**WORK REQUEST**
Transcribe exactly the lines from the first line of the records through the line containing "이번 SPM 조약돌75", and leave out every picture.

*** DATA IN THIS EXERCISE Section Begins ***

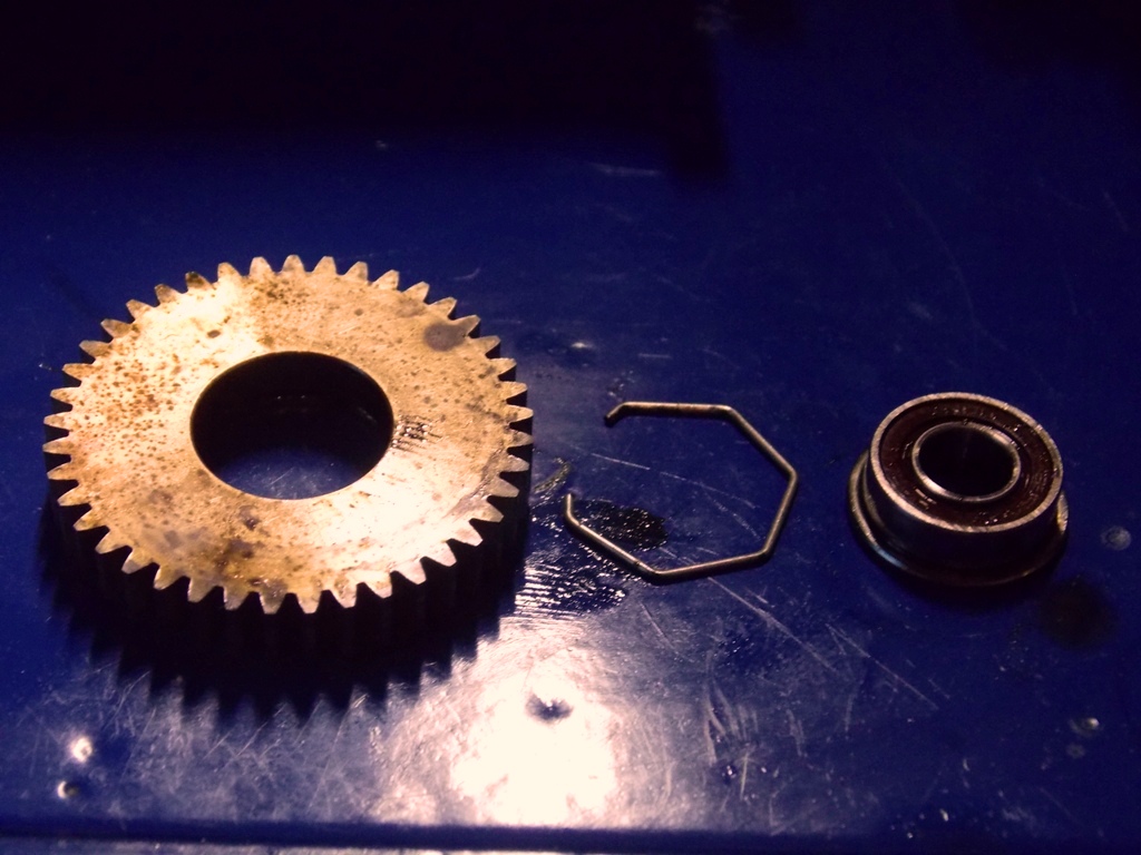 Lager entfernen,Seegerung lösen,dann Zahnrad abnehmen.....(Lagermaß 4x11x4mm ZZ)
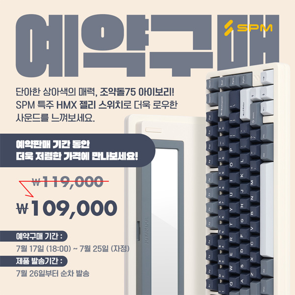 이번 SPM 조약돌75 아이보리 키보드 예약구매는 7월 17일 오후 6시부터 7월 25일 자정까지 진행될 예정이며, 7월 26일부터 순차적으로 발송될 예정이다.
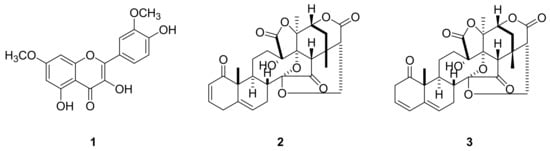 Structures of compounds 1–3 isolated from P. alkekengi var. franchetii, 3′,7-dimethylquercetin (1), physalin B (2), and isophysalin B (3).
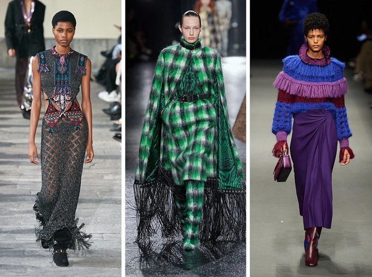 Бахрома — один из самых популярных трендов следующей осени, прокатившийся по всему модному месяцу. В Милане дизайнеры украсили бахромой платья, юбки и пончо, дополнив и без того яркие и броские вещи с пайетками и в цветную клетку.
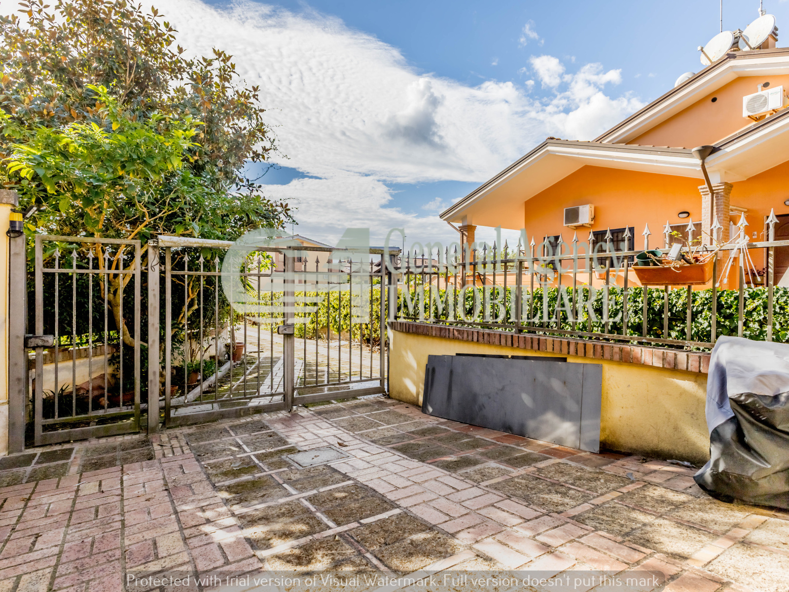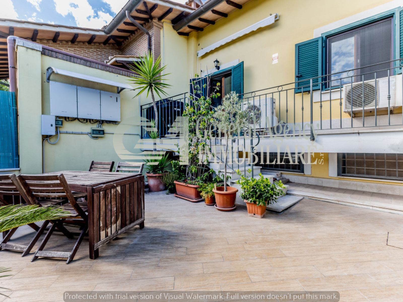 Porzione di villa a schiera in vendita di 180 mq ca. su 3 livelli sita a Roma, composta da: 1° livello (piano terra): ingresso, salone singolo, cucina semiabitabile (tavola per 2 persone), camera matrimoniale, cameretta, bagno, portico, giardino di 80 mq ca., ristrutturato/restaurato; 2° livello (seminterrato): ; ingresso, salone singolo, cucina semiabitabile (tavola per 2 persone), bagno, sala hobby, lavanderia, camino, ristrutturato/restaurato; 3° livello (piano mansardato): camera matrimoniale, bagno, ristrutturato/restaurato.
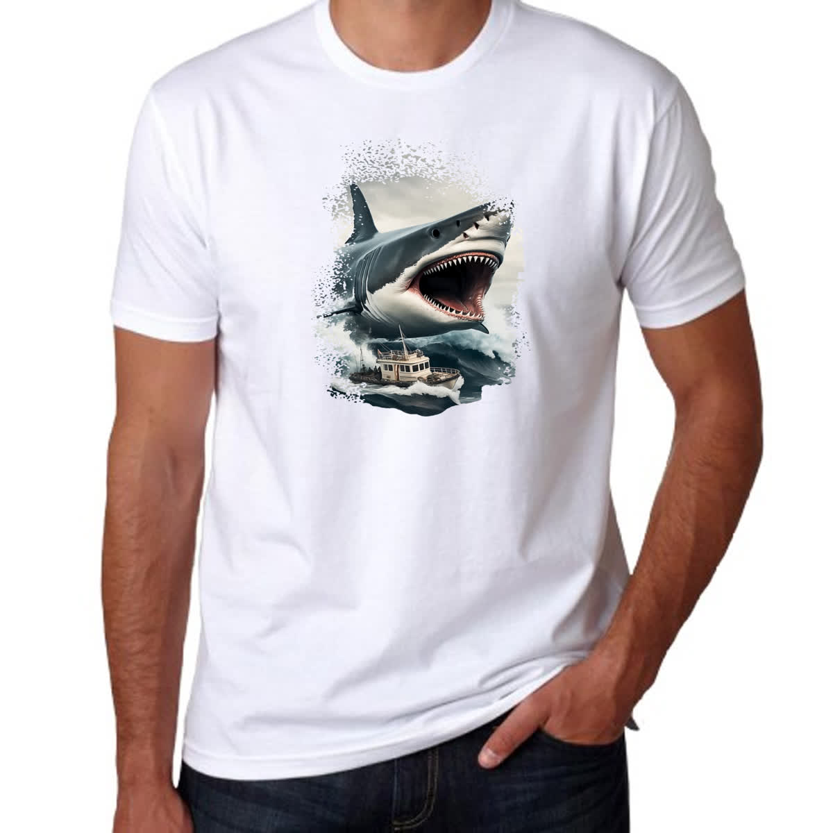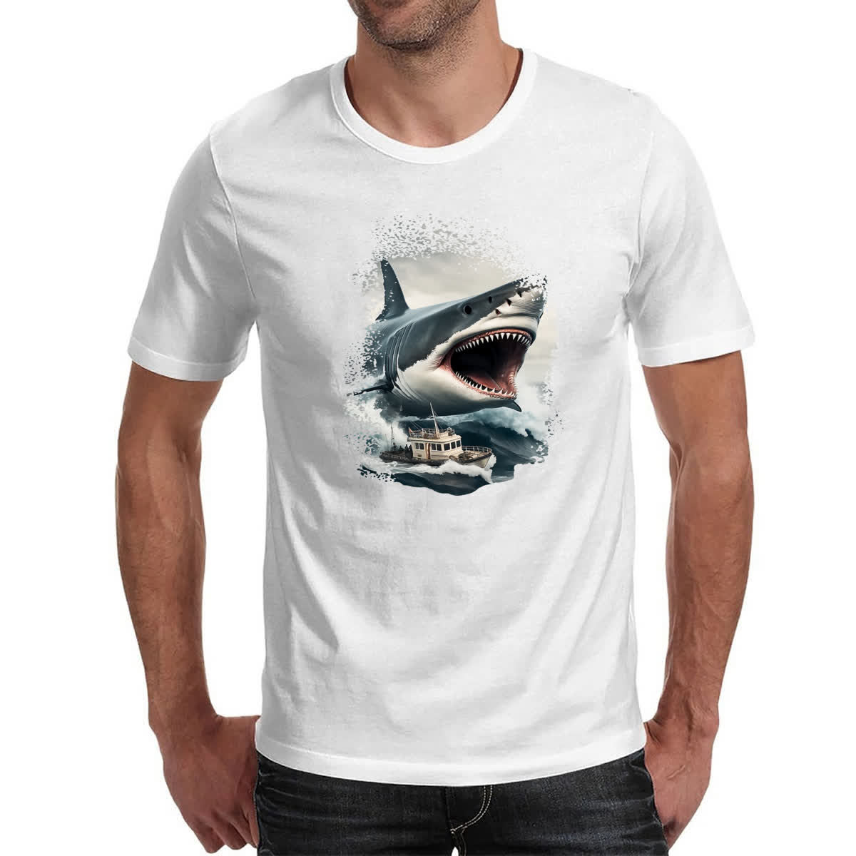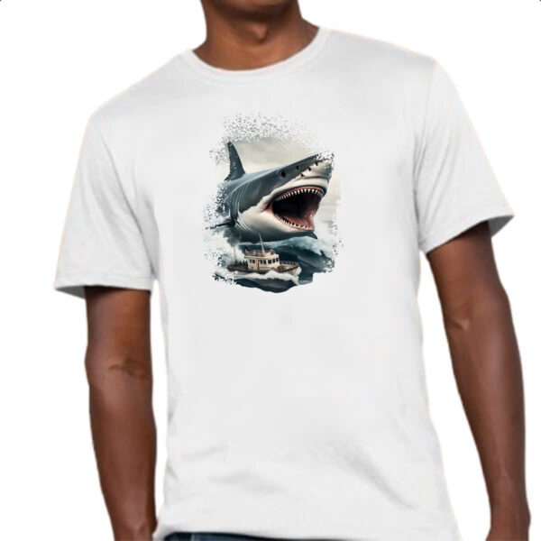 Camiseta Unissex Megalodon atacando embarcacao

*** DATA IN THIS EXERCISE Section Ends ***

**RESULT OF THIS EXERCISE**
 Lager entfernen,Seegerung lösen,dann Zahnrad abnehmen.....(Lagermaß 4x11x4mm ZZ)
 이번 SPM 조약돌75 아이보리 키보드 예약구매는 7월 17일 오후 6시부터 7월 25일 자정까지 진행될 예정이며, 7월 26일부터 순차적으로 발송될 예정이다.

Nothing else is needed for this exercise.